So I have some data from this paper. For example, one of the data files is this peak file for histone modification H3K4me2. Its a .BED file. I'm supposed to take this data and process it using methods of another paper I am reading. I've read the papers and understand what I am supposed to do but since this is my first time working with actual data, I am a bit lost about it.
So if I understand this correctly, the peak files (for example like above) gives me reads of DNA sequences that are bound to that specific histone modification. So in theory I am looking at a lot of peaks when referenced against the genome (which is mm9). I have the reference files in .fa format. Different chromosomes are in separate files.

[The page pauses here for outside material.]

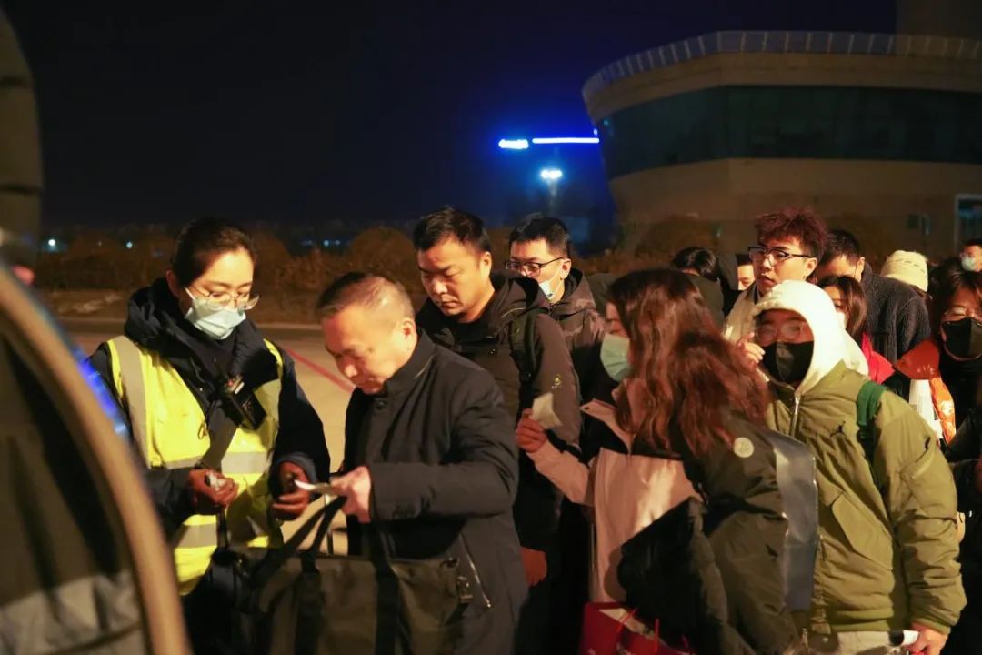為了早點(diǎn)回家,旅客們披星戴月,趕最早的航班。太原機(jī)場地服人員更是早早守候在停機(jī)坪,幫旅客檢票登機(jī)。
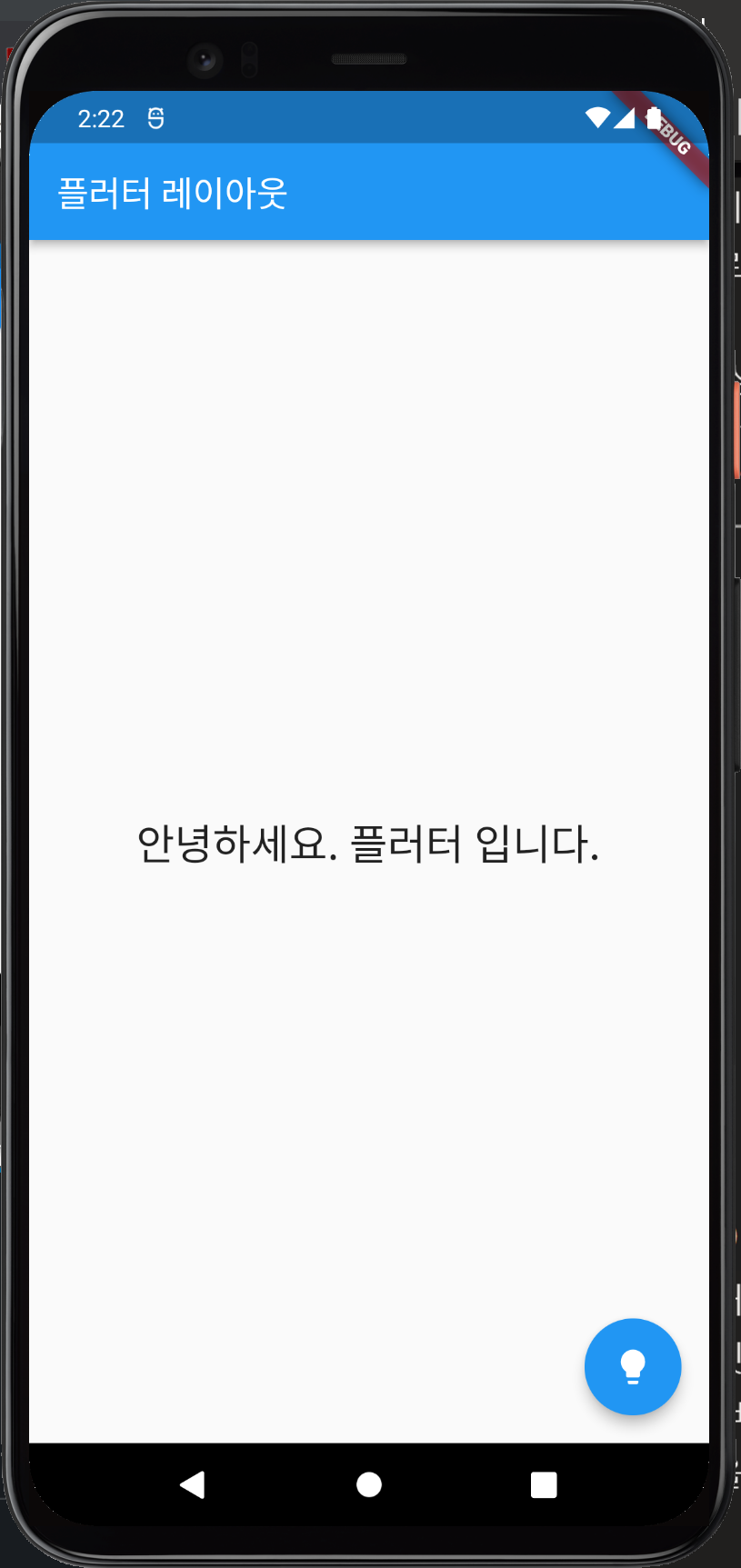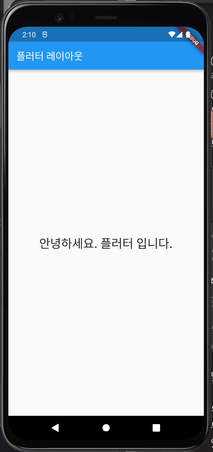 디버그 패널을 열고 디버그를 눌러 앱 화면에서 살펴보도록 하겠습니다. 이때 안드로이드 에뮬레이터 설정이 되어 있어야 합니다.

So what software can I use to deal with this data? What does the .BED format tell me? I am looking to work with in R or MATLAB. Basically, how do I get started?
Secondary question, in the GEO link, at the bottom they have two additional "replicate" text files. What is the important of those files?
Edit: Additionally, if anyone has any papers to a "introductory workflow" for this type of data/processing, please let me know.
Edit (based on alex and devon's replies)
Thanks, so I put it up on the genome browser but I was expecting to see peaks. I don't really see peaks. I think its because the data in the file looks like: chr1 4847005 4847705
. Does this mean that the authors already looked at the peaks using raw data and then concluded "between 4847005 and 4847705 all the nucleosomes have this particular histone modification". And that's what I am looking at in the genome browser? Here is a screenshot of the custom track on the genome browser:
I'm actually doing similar analysis. See the review references I posted on my question: Fastq file to ALN file
The paper that the data comes from talks about how it is a higher quality data than previous studies. It's got more sequencing depth. That being said, I am going to download raw data and trying to replicate their peak files for my own sake and learning.